Подгнивший мостик через канаву, заросшую лопухами и крапивой, трухлявая, покосившаяся изгородь палисадника, неумело залатанная кусками толя крыша. И хотя маленькая лужайка перед домом была чисто выметена и протерты стекла окон, а на приступке крыльца лежал чистый половичок, хотя на всем был заметен отпечаток заботливости, постоянного догляда, все-таки чувствовалось, что в хозяйстве нет крепкой руки, все оно расползается по швам.

Степан Васильич взошел по шатким ступеням на крыльцо и тотчас спустился в недоумении:

— Заперто. Где ж хозяйка-т? Неуж на работе? Этак ее не доищешься.

После долгой езды всем хотелось размяться.

Гошка с Толькой схватились на луговине бороться крест-накрест, азартно пыхтели, сопели, крякали. Леха, не зная, куда приложить силу, потряс старую ветлу с широким дуплом, ухмыльнулся, прикинув, что падать она будет при случае на избу с заплатанной крышей. Он оглядел с этой насмешливой улыбкой и ее, и дворик, почесал белесую щетину на подбородке, сказал вслух:

— Цыганские хоромы.

Потом ухватисто вцепился в борющихся, сделал подножку, и все трое грузно повалились на землю.

— Куча мала! Еще пару колхозничков! — кричал из-под долговязых братьев маленький Гоша.

Пока Степан Васильич озабоченно выискивал глазами хоть кого-нибудь на деревенской улице, из огорода вышла пожилая женщина, полная, в платье без пояска, в косынке с выгоревшими цветочками.

— В колхоз бы вас, — сказала она благожелательно. — Здравствуйте. Вы за сеном? — спросила она Степана Васильича. — А я вот только что с работы.

Женщина выглядела усталой, улыбнулась скупо и безрадостно.

— Что-то припозднились вы. Грозы испугались? А она вот и мимо прошла. То-то досада! Сухо очень. До сих пор огород поливаю. Воду ношу из пруда, а пруд вон там, за тополями, далеко. А каждый вечер раз шесть-семь с коромыслом туда сходишь да другой день и утром-то норовишь полить.

Она привычным движением, не глядя, отперла дверь, распахнула ее.

— Сено у меня здесь, — сказала она, и все вошли за нею.

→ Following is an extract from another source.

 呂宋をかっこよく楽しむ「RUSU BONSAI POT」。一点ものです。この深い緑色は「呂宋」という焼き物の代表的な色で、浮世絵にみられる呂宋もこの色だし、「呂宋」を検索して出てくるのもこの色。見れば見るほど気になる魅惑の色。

Пол в сенях был покатый и гладкий, словно лощеный.

— Осела изба, — заметил Степан Васильич.

— Так ведь старая уж она, в ней родители мои всю жизнь прожили, а теперь вот я доживаю. Как не осесть! Да она бы ничего, только зимой больно мучусь: воду несешь из колодца, чуть плеснешь, морозом схватит — вот тебе и каток. Ходишь — того и гляди убьешься. Ну, зато теплая она у меня, зимой цветы на окнах цветут.

В сенях густо пахло мятой и донником. Потолка над головой не было, сквозь мелкие дырки в крыше проглядывало небо, оттуда косо падали на стену тонкие лучики солнца с пляшущими в них светлыми пылинками.

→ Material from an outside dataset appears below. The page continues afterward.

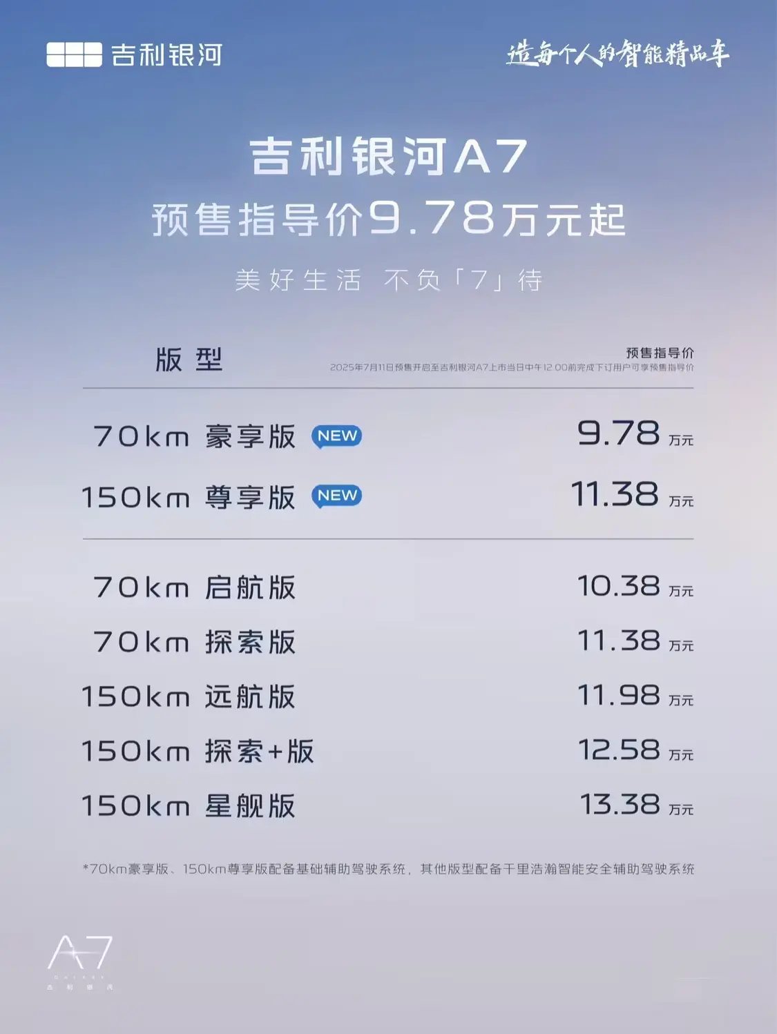 7 月 18 日消息,吉利銀河新能源官微今天下午宣布,剛剛啟動預售的全新中型轎車 —— 銀河 A7 將加推基礎輔助駕駛版型。官方放出的最新配置表顯示,此次新增的配置為 70km 豪享版和 150km 尊享版,預售指導價分別為 9.78 萬元、11.38 萬元。

— Сено вот здесь, в сенях, и на чердаке. Я сначала хотела подождать до зимы, хорошей цены подождать. А теперь вот деньги понадобились… Сколько вы возьмете?

— А все и возьмем, — заторопился Степан Васильич. — Машина у нас позволяет.

— Сын ко мне приезжал в гости, это он с женой косил да сушили они и сюда ввалили… Где бы мне одной-то! Не справиться бы. Надо к соседям сходить за безменом. У них был, да только боюсь, не маловат ли.

— А безмен у нас есть! — поспешно воскликнул Степан Васильич. — Прихватили мы с собой. Подумали: вдруг не найдется у вас! Всяко бывает. Безмен верный, старинный. В старину умели хорошо делать, старались друг перед дружкой.

Хозяйка говорила неторопливо и спокойно, а на покупателя поглядывала как бы с вопросом: что-то больно уж он лебезит, ни к чему это.

— А сена у вас тут небось много, а? — с хитрецой спросил Степан Васильич. — В лесу живете, а там полянки да просеки.

— Мало ли где что есть, да не про нашу честь, — проговорила хозяйка.

— По запаху если, то неплохое сено, а вот сухое ли, посмотрим. Крыша-то у вас, хозяюшка, старовата. Вишь, просвечивает.

— Ничего, пока служит, не протекает.

— Ну, мы начнем. Эй, ребята, пошевеливайтесь! Ты, Алексей, полезай на чердак, сваливай оттуда. Анатолий будет на улицу выбрасывать. Мы с Георгием беремся вязать да вешать. А ты, Толька, подскочишь нам подмогнуть, когда взвешивать будем.

— Подскочи подмогнуть! — дурашливо загорланил Леха и полез по шаткой лестнице на чердак.

— Давай сюда гнетень! — распоряжался Степан Васильич уже на улице. — Один конец на ветлу, другой на треногу из жердей. Поднимай выше! Вожжи в кузове лежат. Георгий, принеси! Вот так.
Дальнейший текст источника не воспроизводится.